Provided entries:
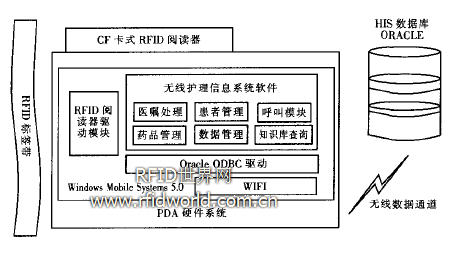 3.2 系统总体结构 系统运行环境为Windows Mobile Svstem 5.0,PDA上安装CF卡式RFID阅读器,通过驱动程序将标签上的数据传送给护理信息系统,实现患者和药品的唯一性确认。护理信息系统通过0racle0DBC驱动程序连接HlS数据库,实现数据交互,链路层上通过无线网络实现。护理信息系统软件由患者管理、药品管理、医嘱处理、数据管理、知识库查询和呼叫模块组成。基于RFID的无线护理信息系统的总体结构如图2所示。
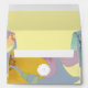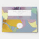 Aquarelle simple, élégante et moderne bleu poussiéreux 5x7 enveloppe avec verdure, fleurs géantes violet et jaune, adresse de retour et monogramme gris. Un choix parfait pour les mariages contemporains.
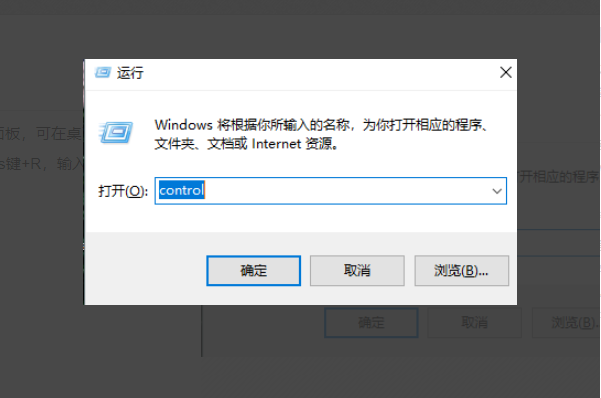 1、首先,我们打开控制面板,可在桌面找到,也可以通过按Windows键+R,输入control进入。
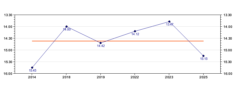 | Antall deltagelser | 6 (i perioden 2014 - 2025) |
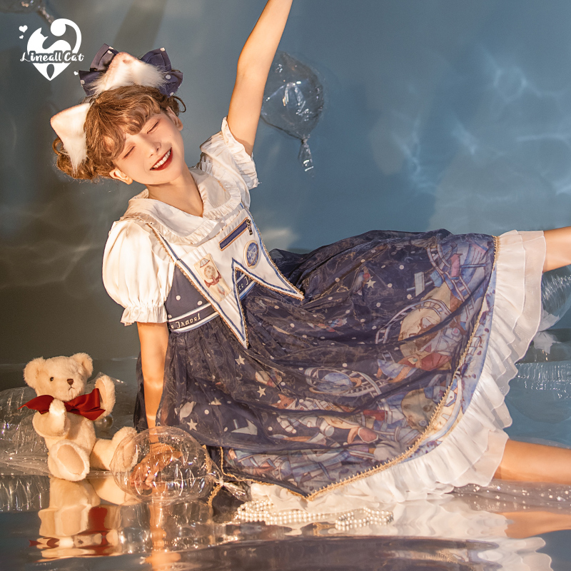 【尾款】新款宇航弧原创设计lolita洛丽塔罩纱蓝色连衣裙线球猫热门设计联盟服务商
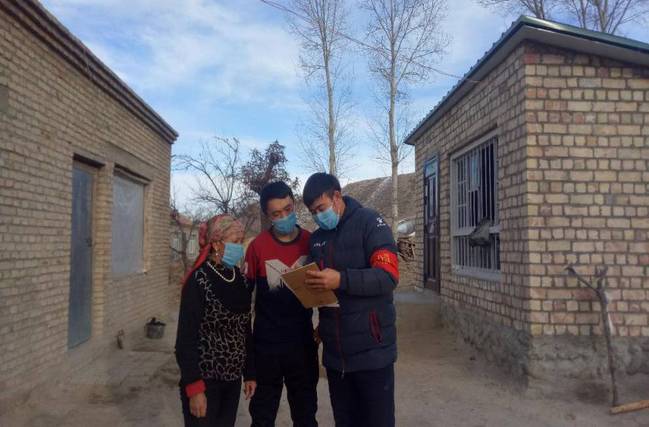 2016级土地资源管理叶勒夏提配合村干部防疫排查
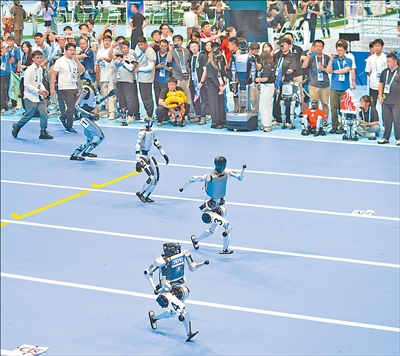 圖為機器人在開幕式上開展100米賽跑。新華社記者 謝 晗攝
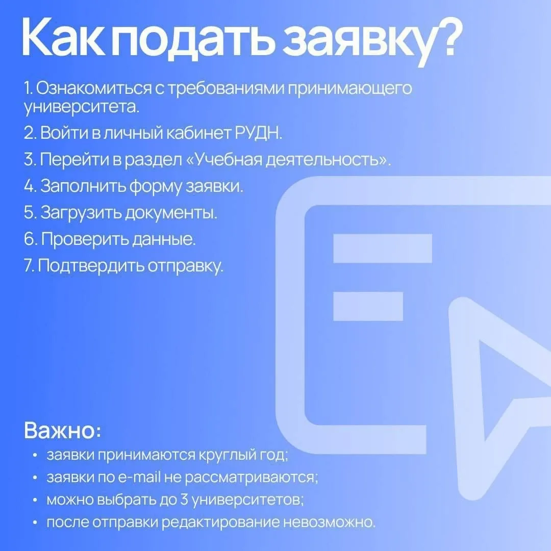 🔹 подать заявку в установленный срок через приложение РУДН;
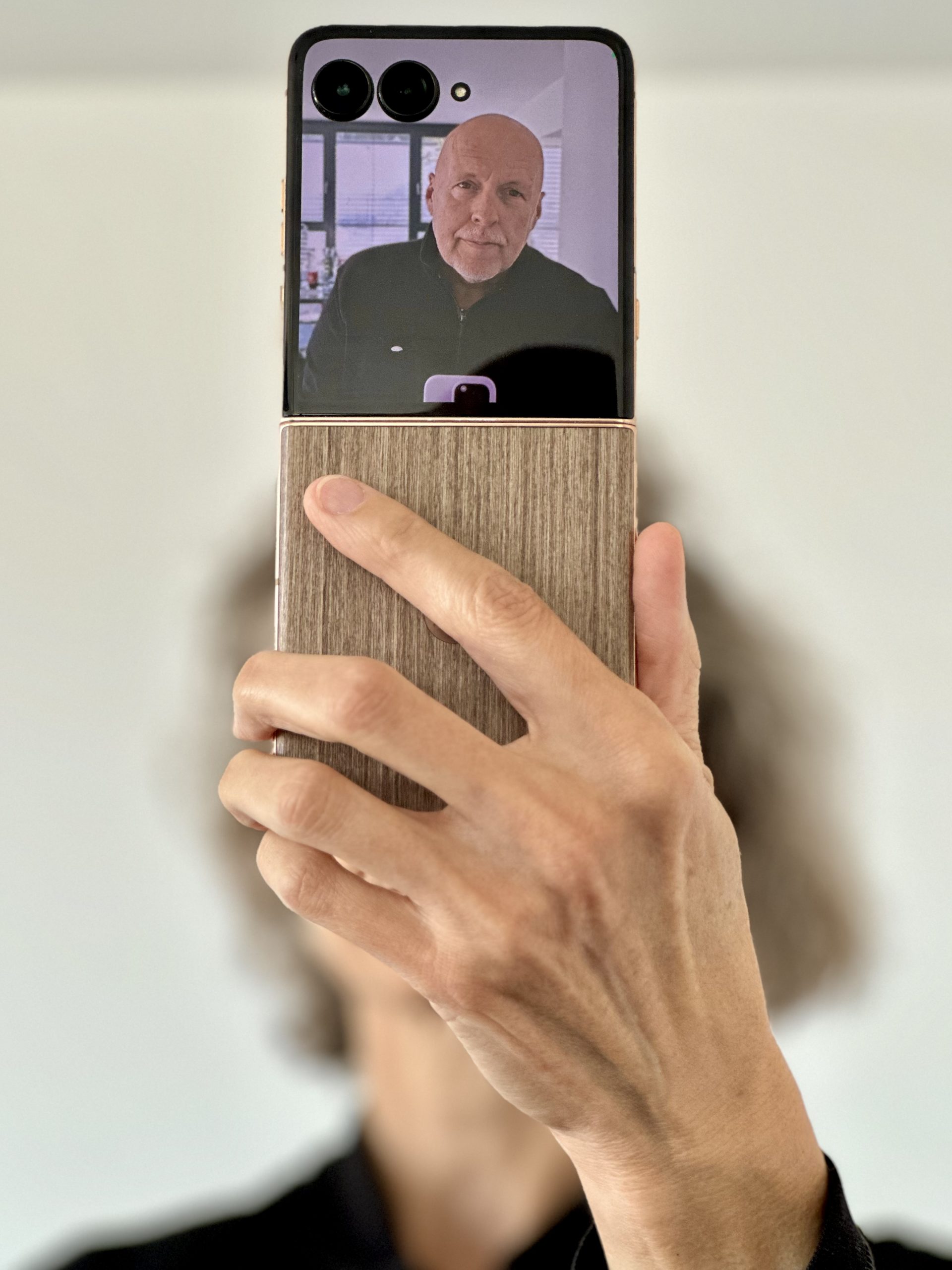 Das externe Display des Moto Razr ist sehr nützlich, wenn man Menschen fotografiert. Als Selfie würde ich das Gerät einfach zugeklappt lassen. Klappt man es auf, dann hat man zwei Sucherbilder: Eins innen, eins außen. So sieht man sich selbst, wenn man fotografiert wird.

Exercise directions:
Leaving out every picture, repeat exactly the lines of the records from the start through the line that has "1、首先,我们打开控制面板,可在桌面找到".

Exercise result:
 3.2 系统总体结构 系统运行环境为Windows Mobile Svstem 5.0,PDA上安装CF卡式RFID阅读器,通过驱动程序将标签上的数据传送给护理信息系统,实现患者和药品的唯一性确认。护理信息系统通过0racle0DBC驱动程序连接HlS数据库,实现数据交互,链路层上通过无线网络实现。护理信息系统软件由患者管理、药品管理、医嘱处理、数据管理、知识库查询和呼叫模块组成。基于RFID的无线护理信息系统的总体结构如图2所示。
 Aquarelle simple, élégante et moderne bleu poussiéreux 5x7 enveloppe avec verdure, fleurs géantes violet et jaune, adresse de retour et monogramme gris. Un choix parfait pour les mariages contemporains.
 1、首先,我们打开控制面板,可在桌面找到,也可以通过按Windows键+R,输入control进入。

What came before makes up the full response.